La lungodegenza medica è un servizio ospedaliero destinato ad accogliere anziani, generalmente non autosufficienti, affetti da patologie tali da risentire scarsamente dei trattamenti riabilitativi finalizzati alla ripresa dell’autonomia, ma che necessitano sia di assistenza che di trattamenti fisioterapici, incentrati o ad ottenere un certo miglioramento della condizione di malattia o ad impedirne il peggioramento.
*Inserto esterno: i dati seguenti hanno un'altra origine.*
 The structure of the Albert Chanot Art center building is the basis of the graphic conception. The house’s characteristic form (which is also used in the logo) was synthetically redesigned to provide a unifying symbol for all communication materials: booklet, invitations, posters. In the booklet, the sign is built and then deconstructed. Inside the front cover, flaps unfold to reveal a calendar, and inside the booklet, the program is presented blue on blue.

In particolare, le unità di lungodegenza sono riservate a quei pazienti che, conclusa la fase acuta del ricovero, necessitano di un prolungamento dell’intervento assistenziale ospedaliero in quanto presentano una situazione funzionale compromessa (da cui ha origine una riduzione delle condizioni di autosufficienza psico-fisica) rientrante in una delle seguenti categorie:

  • quadro clinico ancora instabile, non compatibile con il rientro a domicilio o con il passaggio a forme diverse di residenzialità assistita;
  • buon compenso clinico, ma persistenza di una limitazione funzionale non stabilizzata (e quindi di una riduzione dell’autosufficienza) recuperabile, almeno parzialmente, con un intervento di riabilitazione estensiva (generalmente non superiore ai 30 giorni);
  • buon compenso clinico e limitazione stabilizzata della capacità funzionale e dell’autosufficienza, ma esigenza di assistenza continuativa di tipo infermieristico e di eventuali trattamenti riabilitativi di tipo estensivo finalizzati al mantenimento dei livelli di autonomia residui, in attesa di assegnazione ad altre forme di assistenza extraospedaliera.
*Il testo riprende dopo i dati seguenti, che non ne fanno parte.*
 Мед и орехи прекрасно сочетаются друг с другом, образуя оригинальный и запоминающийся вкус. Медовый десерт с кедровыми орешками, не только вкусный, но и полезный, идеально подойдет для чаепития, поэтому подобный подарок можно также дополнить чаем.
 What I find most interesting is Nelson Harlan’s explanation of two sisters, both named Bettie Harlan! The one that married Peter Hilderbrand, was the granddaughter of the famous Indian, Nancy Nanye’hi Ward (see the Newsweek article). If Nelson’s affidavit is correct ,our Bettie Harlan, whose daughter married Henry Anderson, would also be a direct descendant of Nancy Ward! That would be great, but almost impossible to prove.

Le strutture lungodegenziali dovrebbero avere uno stretto collegamento con il territorio, interfacciandosi con i medici di base e con l’assistenza domiciliare integrata, in quanto il ricovero in lungodegenza non dovrebbe essere un ricovero "a vita", ma rappresentare un momento assistenziale nell’ambito di una malattia cronica.

Tali strutture assicurano una serie di prestazioni, come: assistenza diagnostica, medica e terapeutica; assistenza infermieristica; trattamenti riabilitativi; servizio di radiologia e laboratorio di analisi; servizio di guardia medica interno, diurno e notturno; consulenze specialistiche grazie alla collaborazione di professionisti come il cardiologo, l’urologo, il neurologo, l’oculista e l’odontoiatra; assistenza alberghiera e cura della persona.
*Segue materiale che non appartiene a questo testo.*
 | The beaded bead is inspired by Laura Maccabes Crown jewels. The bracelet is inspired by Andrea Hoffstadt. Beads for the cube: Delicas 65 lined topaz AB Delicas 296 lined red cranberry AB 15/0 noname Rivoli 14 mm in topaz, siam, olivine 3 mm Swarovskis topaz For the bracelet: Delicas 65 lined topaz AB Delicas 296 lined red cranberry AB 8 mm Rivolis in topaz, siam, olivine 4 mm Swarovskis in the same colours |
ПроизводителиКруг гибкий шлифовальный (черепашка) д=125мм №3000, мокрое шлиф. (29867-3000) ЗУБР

Le strutture di lungodegenza possono essere pubbliche o accreditate e private. Il paziente può accedere alla struttura pubblica o accreditata di lungodegenza dalla propria dimora su richiesta del medico di medicina generale, oppure mediante trasferimento dall’ospedale o dalla casa di cura in cui risulta ricoverato in seguito a richiesta del sanitario del reparto. Altre modalità di ammissione possono essere stabilite dalla Regione di appartenenza della struttura. Il servizio di lungodegenza prestato dalla struttura pubblica è a carico del SSN; se la struttura è accreditata, il paziente potrebbe essere chiamato a versare una quota aggiuntiva per poter godere di una stanza singola con bagno incluso e del servizio alberghiero.

L’ammissione nella struttura privata si ottiene in seguito alla richiesta diretta del paziente o dei suoi familiari, accompagnata dalla valutazione clinica del medico di base. Il costo del ricovero nella struttura privata dipende dalla tipologia del servizio, dalle prestazione erogate e viene stabilito dall’Amministrazione della struttura.

Per il ricovero nelle strutture di lungodegenza è necessaria l’adesione formale e volontaria del paziente.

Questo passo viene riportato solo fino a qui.